Although not part of the official diagnostic criteria, many people living with cluster headache describe a low-level persistent headache that can be a precursor to full-blown cluster headache attacks. We call these “shadows.” Read patient descriptions of this unique symptom.
“Shadow pain is what we call lower level pain that presents in the same location as your CH, but is of a different nature and comes without the other issues of a closed up nasal passage, runny nose, tearing eye … My husband describes a CH attack as feeling like a spike being driven into his skull.

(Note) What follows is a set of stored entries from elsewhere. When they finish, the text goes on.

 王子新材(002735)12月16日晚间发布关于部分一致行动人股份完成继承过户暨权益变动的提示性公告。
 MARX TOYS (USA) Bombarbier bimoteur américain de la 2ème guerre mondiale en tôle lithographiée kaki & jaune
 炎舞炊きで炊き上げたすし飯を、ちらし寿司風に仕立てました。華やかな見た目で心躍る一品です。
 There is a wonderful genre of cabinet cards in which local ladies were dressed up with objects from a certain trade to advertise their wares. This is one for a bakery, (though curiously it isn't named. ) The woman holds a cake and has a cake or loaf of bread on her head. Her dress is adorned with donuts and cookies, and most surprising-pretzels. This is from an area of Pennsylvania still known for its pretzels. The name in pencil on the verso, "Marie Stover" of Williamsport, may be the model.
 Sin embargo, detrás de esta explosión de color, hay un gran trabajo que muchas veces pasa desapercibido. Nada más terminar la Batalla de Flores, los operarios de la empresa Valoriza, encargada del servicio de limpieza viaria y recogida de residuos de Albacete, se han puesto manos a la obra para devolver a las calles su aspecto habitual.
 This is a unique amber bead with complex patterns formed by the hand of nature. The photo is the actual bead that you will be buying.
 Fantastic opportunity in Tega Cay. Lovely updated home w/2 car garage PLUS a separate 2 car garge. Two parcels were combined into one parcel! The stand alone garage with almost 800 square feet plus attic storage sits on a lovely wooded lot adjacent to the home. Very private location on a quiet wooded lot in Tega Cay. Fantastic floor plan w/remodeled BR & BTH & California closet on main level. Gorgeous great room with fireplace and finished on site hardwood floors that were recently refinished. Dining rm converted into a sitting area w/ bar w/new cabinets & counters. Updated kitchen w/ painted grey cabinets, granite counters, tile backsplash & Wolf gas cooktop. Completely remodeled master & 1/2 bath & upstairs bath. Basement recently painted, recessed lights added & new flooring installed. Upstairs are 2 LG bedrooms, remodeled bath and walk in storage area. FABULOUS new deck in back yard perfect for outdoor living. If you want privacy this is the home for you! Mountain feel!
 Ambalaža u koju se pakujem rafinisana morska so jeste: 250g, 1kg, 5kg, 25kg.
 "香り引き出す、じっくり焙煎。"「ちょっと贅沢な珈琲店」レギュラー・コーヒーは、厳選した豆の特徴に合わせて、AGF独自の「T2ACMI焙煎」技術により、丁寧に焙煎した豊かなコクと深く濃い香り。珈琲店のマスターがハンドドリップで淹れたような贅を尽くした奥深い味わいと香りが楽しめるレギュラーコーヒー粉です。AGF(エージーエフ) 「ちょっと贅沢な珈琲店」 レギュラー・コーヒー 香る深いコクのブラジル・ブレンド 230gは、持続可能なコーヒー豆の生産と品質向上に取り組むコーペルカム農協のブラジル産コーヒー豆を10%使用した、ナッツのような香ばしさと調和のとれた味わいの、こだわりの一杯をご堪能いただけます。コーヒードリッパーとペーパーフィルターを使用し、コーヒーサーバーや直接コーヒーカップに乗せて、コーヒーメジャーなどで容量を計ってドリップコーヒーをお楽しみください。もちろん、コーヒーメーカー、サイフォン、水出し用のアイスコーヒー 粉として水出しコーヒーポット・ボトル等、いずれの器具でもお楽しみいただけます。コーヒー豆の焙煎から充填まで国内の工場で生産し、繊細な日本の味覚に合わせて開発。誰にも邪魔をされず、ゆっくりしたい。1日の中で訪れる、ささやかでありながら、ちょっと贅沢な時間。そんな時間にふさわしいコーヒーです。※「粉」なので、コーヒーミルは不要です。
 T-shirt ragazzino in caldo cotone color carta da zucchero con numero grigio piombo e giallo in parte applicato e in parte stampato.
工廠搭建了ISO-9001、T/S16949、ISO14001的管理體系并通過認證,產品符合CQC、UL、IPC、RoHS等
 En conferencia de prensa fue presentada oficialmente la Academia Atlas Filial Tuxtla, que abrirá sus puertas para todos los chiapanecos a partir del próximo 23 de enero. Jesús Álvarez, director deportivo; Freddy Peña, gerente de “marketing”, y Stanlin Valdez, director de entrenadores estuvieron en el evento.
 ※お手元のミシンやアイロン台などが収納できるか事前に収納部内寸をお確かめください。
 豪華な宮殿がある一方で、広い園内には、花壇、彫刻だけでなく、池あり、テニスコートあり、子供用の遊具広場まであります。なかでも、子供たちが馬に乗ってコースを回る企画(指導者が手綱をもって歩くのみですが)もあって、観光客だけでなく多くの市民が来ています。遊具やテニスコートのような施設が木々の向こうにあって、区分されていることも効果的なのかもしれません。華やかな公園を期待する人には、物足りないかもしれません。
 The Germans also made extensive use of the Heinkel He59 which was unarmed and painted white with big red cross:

Shadow pain feels like a very painful bruise where the spike was. Shadow pain can be debilitating as well, reaching levels as high as seven or even a little higher for him, but it doesn’t feel the same way as the CH spike.” ~ Anonymous caregiver
“Shadows feel like migraine attacks without all the nausea, light, and sound sensitivity. The biggest difference is that shadows are located only in the same eye that is affected during a cluster headache attack. Many times, using oxygen or taking a triptan will abort it. Other times, I just have to live with it until it finally erupts into a full-blown attack.” ~ Tammy Rome
have you ever considered medical cannabinoids-specifically the CBD rich types, say 4:1 or 8:1 ratios, certainly helpful (good supporting literature), especially if your “attacks” come in the evening or early morning. This can really knock down the prodrome and/or the more sudden attack
Several members have had mixed results with cannabinoids. The research is limited and not conclusive. Hopefully over time, we will get a clearer picture of the role cannabis, and specifically CBD, may play in treating cluster headache. You can find more information in our comprehensive list of journal articles and FAQs.
I have had CHs for the past 4 years.
I have discovered the use of pure Oxygen is the ONLY relief I get.
For me this “shadow” feels like a nerve is being twisted, it doesn’t hurt as much but is bothersome and adds to a exaughsting time for me.